“It seems that there’s no limit at all into the fishing expedition that [special counsel Robert] Mueller is now engaged in,” Sean Hannity claimed last Monday, after FBI investigators raided the home, office, and hotel room of Michael D. Cohen, President Donald Trump’s longtime personal lawyer. “And if he has access to everything that his personal attorney has, I can only imagine where that’s going to lead.”
Seven days later, it led to Hannity himself, as an attorney for Cohen revealed that the Fox News host was Cohen’s mystery legal client, whose identity the lawyer had tried to keep concealed.
That association raises many questions, not least of which is how Fox could have allowed Hannity to vigorously defend Cohen on the network’s airwaves without disclosing that he had been Cohen’s client.
That is a serious breach of journalistic ethics that, in any normal newsroom, would lead to a suspension or even firing. “Going to find out what kind of org Fox is today,” NBC News’ Chuck Todd tweeted this morning. “No serious news org would allow someone this conflicted to cover this story.”
It’s unclear what we could learn from Fox today that we didn’t already know several years ago.
The rules are different at Fox News — indeed, it often appears that there are no rules at all governing the behavior of the network’s top talent.

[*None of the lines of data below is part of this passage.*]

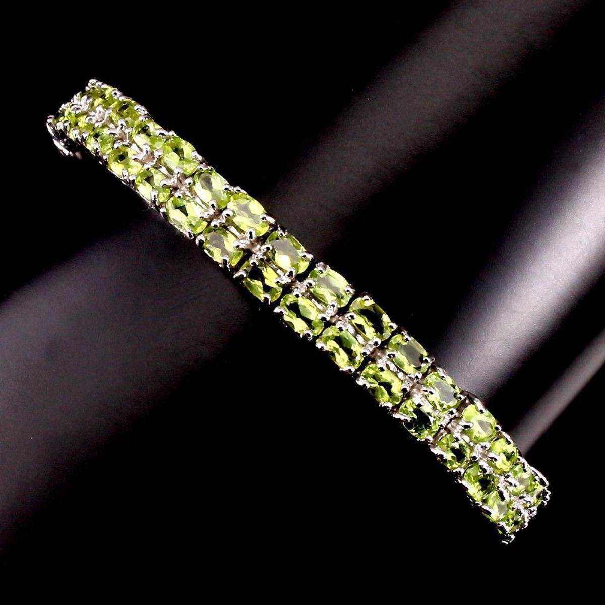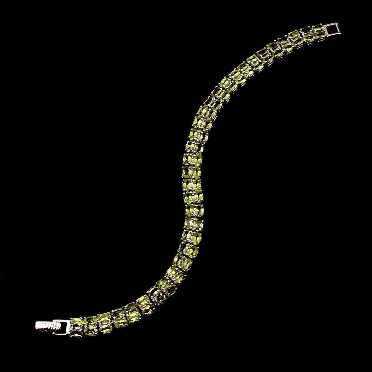 925 STERLING SILVER;PLATE....14K WHITE GOLD....;LENGTH (INCHES)8MAIN STONEPERIDOTOTHER GEMSTOTAL WEIGHT98.93 CT (TOTAL WEIGHT OF SILVER + STONE)DIMENSION* STONE 4.0 X 3.0 MM. * FACE BRACELET 180.0 X 7.0 MM.MAIN STONE SHAPEOVAL CUTMAIN STONE COLORTOP RICH GREENCLARITY/GRADEIF TO VVSLUSTERMESMERIZINGTREATMENTUNHEATEDORIGINPAKISTANHARDNESS6.5 - 7.0
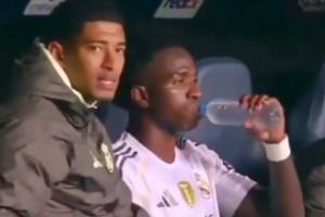 不滿(mǎn)馬斯坦托諾?維尼修斯被換下后一路喋喋不休,貝林厄姆一直勸
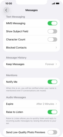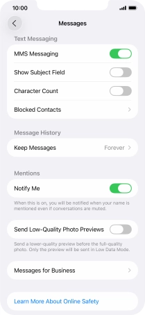 Press the indicator next to "MMS Messaging" to turn on the function.

This is, after all, a network that was happy for years to pay off employees who reported host Bill O’Reilly for sexual harassment in order to keep them quiet. Because Fox does not hold its stars to the most basic codes of ethical behavior, let alone the standard principles of journalistic conduct, criticshoping for accountability have little recourse but to appeal directly to the network’s advertisers.
The Hannity-Cohen story is a classic case study. Reporters and experts agree that Hannity’s actions are a drastic violation of journalistic norms that demand a severe response. But network executives aren’t answering questions about whether they were aware of Hannity’s conflict of interest or whether he will be subject to any disciplinary action. Fox’s hosts have filled that void: Hannity used last night’s program to say that he hadn’t done anything wrong. And his Fox colleagues have largely rallied behind him.
None of this is new. Hannity’s unwillingness to hew to journalistic ethics conventions has been causing the network problems for years.
At times, Fox has tried to rein him in: Hannity’s plan to broadcast from a tea party fundraiser was canceled, and after Hannity appeared in an ad for Trump’s presidential campaign, a network spokesperson said it would not happen again. But Fox executives never formally reprimanded Hannity for his actions, much less suspended him.
The last two years have only strengthened Hannity’s hand within the network. Trump’s election gave him direct access to the president of the United States. With O’Reilly gone, Hannity has the network’s most popular show and is the only remaining prime-time link to Fox’s founding. And the firings of Fox founder Roger Ailes, who hired Hannity, and Bill Shine, who was Hannity’s producer before climbing the network’s corporate ladder, removed two Fox executives to whom Hannity might have listened.
Meanwhile, increasing competition from conservative cable network Newsmax and Sinclair Broadcast Group means that Hannity would have options if he and Fox were to cut ties.
As a largely unrestrained power at Fox who has flipped back and forth on the question of whether he is a journalist who must abide by basic ethics rules, Hannity has been getting into trouble. The network’s response has been damage control, alternatively covering for him or even encouraging his actions.
Last May, Hannity spent several programs championing the conspiracy theory that a Democratic National Committee staffer had been murdered for leaking emails to WikiLeaks’ Julian Assange. But as advertisers fled his program, Fox stood behind Hannity. The network subsequently announced an internal investigation into its reporting on the story, but that review has yet to be made public, suggesting that the probe was a public relations tactic.
In the fall, Hannity hosted O’Reilly for a series of interviews in which the former host attacked the women who reported him for sexual harassment. Fox responded by heavily promoting O’Reilly’s appearance on Hannity’s Fox program.
And the network appears blissfully unconcerned about the biggest ongoing Hannity ethical disaster of all: his simultaneous status as a personal adviser to Trump and the host of a nightly program on which he worships the president and condemns his perceived foes.
In fact, Fox has rewarded Hannity for his actions, apparently hiring several conservative commentatorsspecifically to regularly appear on Hannity’s program and those of a small circle of Hannity’s fellow travelers.
The network’s decision to prioritize Hannity over maintaining basic standards hasn’t sat well with the Fox employees who consider themselves serious journalists instead of Trump propagandists. Fox staffers have privately told reporters at other outlets that they are embarrassed and disgusted by Hannity’s antics. Fox’s Shep Smith has even publicly feuded with Hannity; he also has repeatedly run segments that appear to directly rebut arguments made on Hannity’s program.
“They don’t really have rules on the opinion side,” Smith told Time magazine last month. “They can say whatever they want.” Fox’s handling of Hannity’s Cohen conflict of interest demonstrates that they can apparently do whatever they want as well.
UPDATE: A Fox News statement on Hannity claims that the network was unaware of Hannity's conflict of interest, and now that they know, they don't particularly care.